Your task:
From the data below, return the exact lines starting at the line containing "Die Uhr verfügt" and ending at the line containing "Giubbino della collezione", both included, and nothing else.

Given records:
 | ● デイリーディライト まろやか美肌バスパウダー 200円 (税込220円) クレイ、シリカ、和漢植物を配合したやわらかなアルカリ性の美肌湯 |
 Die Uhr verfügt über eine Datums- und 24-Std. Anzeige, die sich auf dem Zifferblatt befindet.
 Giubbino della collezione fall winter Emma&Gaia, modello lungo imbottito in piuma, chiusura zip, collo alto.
--
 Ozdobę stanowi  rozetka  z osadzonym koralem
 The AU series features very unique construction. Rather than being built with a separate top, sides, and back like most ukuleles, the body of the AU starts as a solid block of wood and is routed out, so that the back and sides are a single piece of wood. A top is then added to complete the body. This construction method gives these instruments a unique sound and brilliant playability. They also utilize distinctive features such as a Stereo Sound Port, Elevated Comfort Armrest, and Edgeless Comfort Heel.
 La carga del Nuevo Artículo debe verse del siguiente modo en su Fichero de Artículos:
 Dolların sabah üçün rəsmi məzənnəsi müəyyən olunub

Result of the task:
 Die Uhr verfügt über eine Datums- und 24-Std. Anzeige, die sich auf dem Zifferblatt befindet.
 Giubbino della collezione fall winter Emma&Gaia, modello lungo imbottito in piuma, chiusura zip, collo alto.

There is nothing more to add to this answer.